• _Work item_
Each line from the one containing "Three blue cocktails" to the end of the data must be copied exactly, the first and last included; no other lines and no pictures belong in the copy.

• _Given information_
= Beginning of Section =

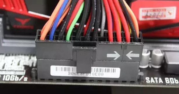 主板接口非常容易辨别,找到24个针的接口,按正确方向插入即可。
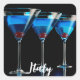 Three blue cocktails with cherry on black square sticker
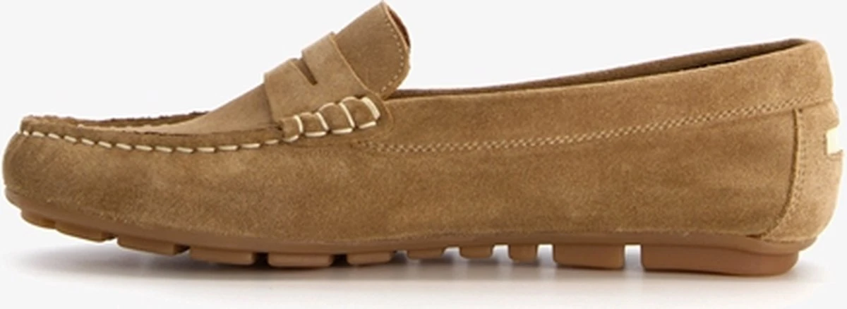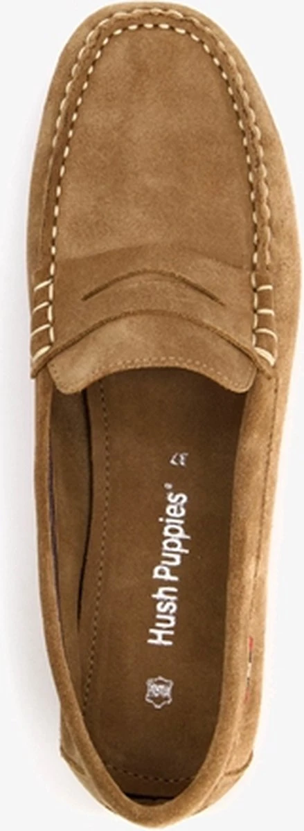 Bruine mocassins voor dames van Hush Puppies. Gemaakt van suède, een binnenwerk van leer en een stevige profielzool. De mocassins hebben een comfortabele instap en een comfortabel voetbed van leer. Deze is niet uitneembaar. De mocassins hebben stiksels op het bovenwerk en een rubberen zool.
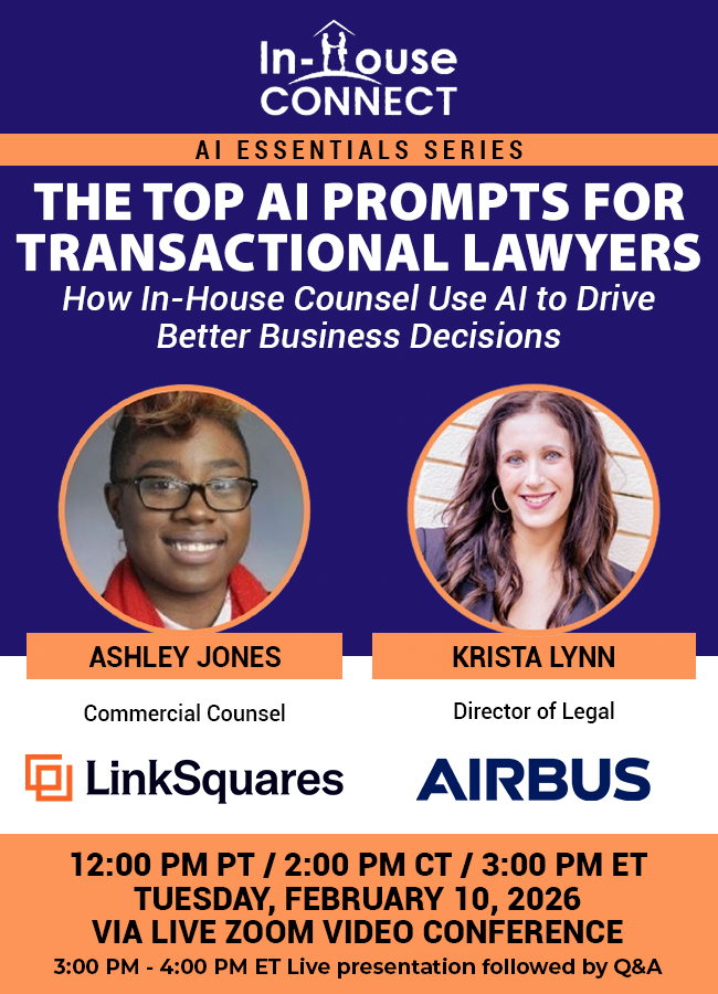 Join us on Tuesday, February 10th at 3:00pm ET/ 12:00pm PT, In this practical, no-hype webinar, Krista Lynn, Director of Legal at Airbus U.S., and Ashley Jones of LinkSquares walk through the AI prompts transactional lawyers actually use — and why they work. This session focuses on business decisions, not prompt engineering.

= End of Section =

• _Output below_
 Three blue cocktails with cherry on black square sticker
 Bruine mocassins voor dames van Hush Puppies. Gemaakt van suède, een binnenwerk van leer en een stevige profielzool. De mocassins hebben een comfortabele instap en een comfortabel voetbed van leer. Deze is niet uitneembaar. De mocassins hebben stiksels op het bovenwerk en een rubberen zool.
 Join us on Tuesday, February 10th at 3:00pm ET/ 12:00pm PT, In this practical, no-hype webinar, Krista Lynn, Director of Legal at Airbus U.S., and Ashley Jones of LinkSquares walk through the AI prompts transactional lawyers actually use — and why they work. This session focuses on business decisions, not prompt engineering.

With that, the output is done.